1 墨痕深处暗香浮深秋的金陵,秦淮河仿佛一条被时光浸染的墨色玉带,蜿蜒穿过城市的繁华与寂寥。白日里,河水略显沉静,两岸的烟柳笼着一层薄薄的湿气,画舫泊在岸边,褪去了夜间的喧嚣,只余下水波轻拍船身的寂寞声响。河畔不远处,一条窄巷深处,有间名曰“翰墨斋”的旧书肆,兼卖些纸笔,也替人抄书写信。书肆阁楼上,沈墨言正临窗而坐。窗外细雨如丝,无声地润湿了青瓦屋檐。他握着一卷书,目光却并未落在泛黄的字句上,而是失神地望着窗外一角灰蒙的天空。桌角一盏油灯,灯芯噼啪轻爆了一下,拉回他的思绪。他叹了口气,目光扫过桌案——一叠待抄的书卷,几张写满诗文的草纸,以及……压在砚台下,那封措辞委婉却字字如针的信,催缴房租的。

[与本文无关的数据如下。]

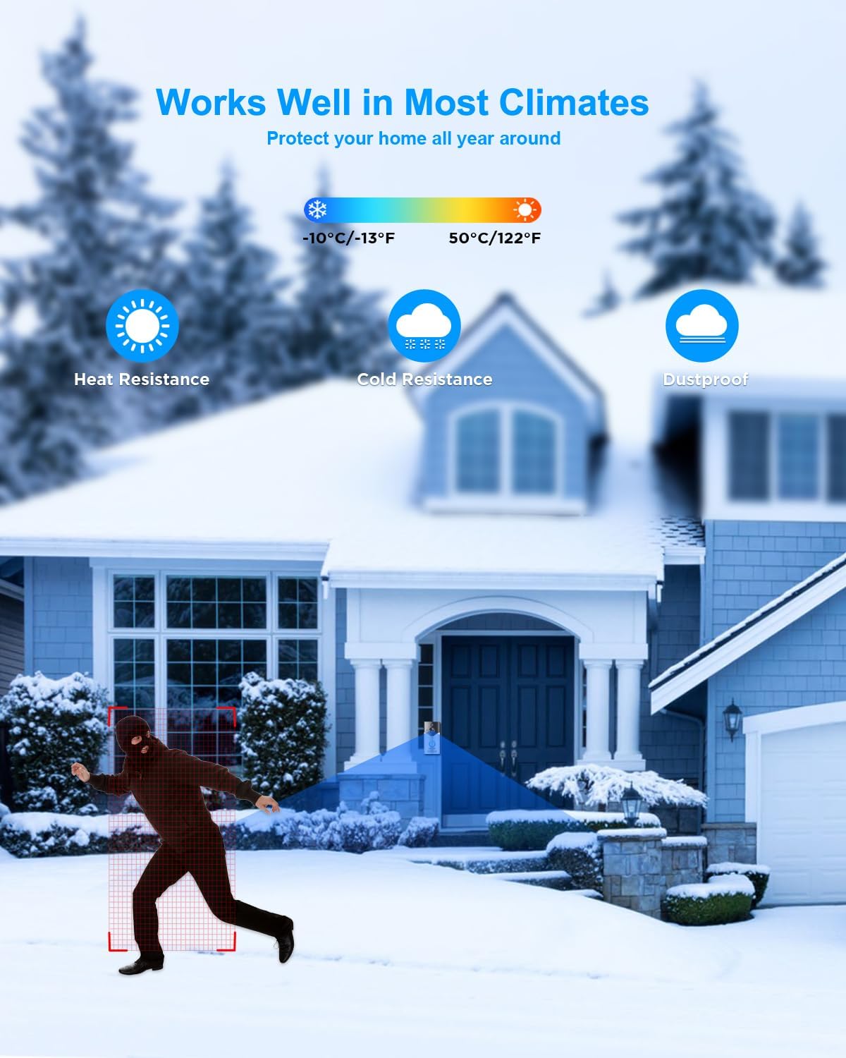 • Kompatibel mit 2.4GHz WLAN & Wetterfestes Design: Mit 2.4GHz WLAN-Verbindung können Sie jederzeit auf die Kamera zugreifen. Robust und langlebig für zuverlässigen Einsatz bei jedem Wetter.

寒气混着墨香渗入肺腑。他放下书卷,下意识地摩挲着左手腕上那一小片淡青色的墨迹胎记。

这是他一紧张或窘迫时便会有的小动作。腹中隐隐的空乏提醒着他现实的锋利。

科举之路漫长,家中的接济早已断绝,抄书所得微薄,仅能果腹。他已是举人功名,满腹经纶,却困顿至此。若不是……他眼神一暗,伸手从抽屉最底层取出一个素面信封,倒出几张银票和一小锭银子。这是昨日中间人送来的“润笔”,比他抄一个月书还多。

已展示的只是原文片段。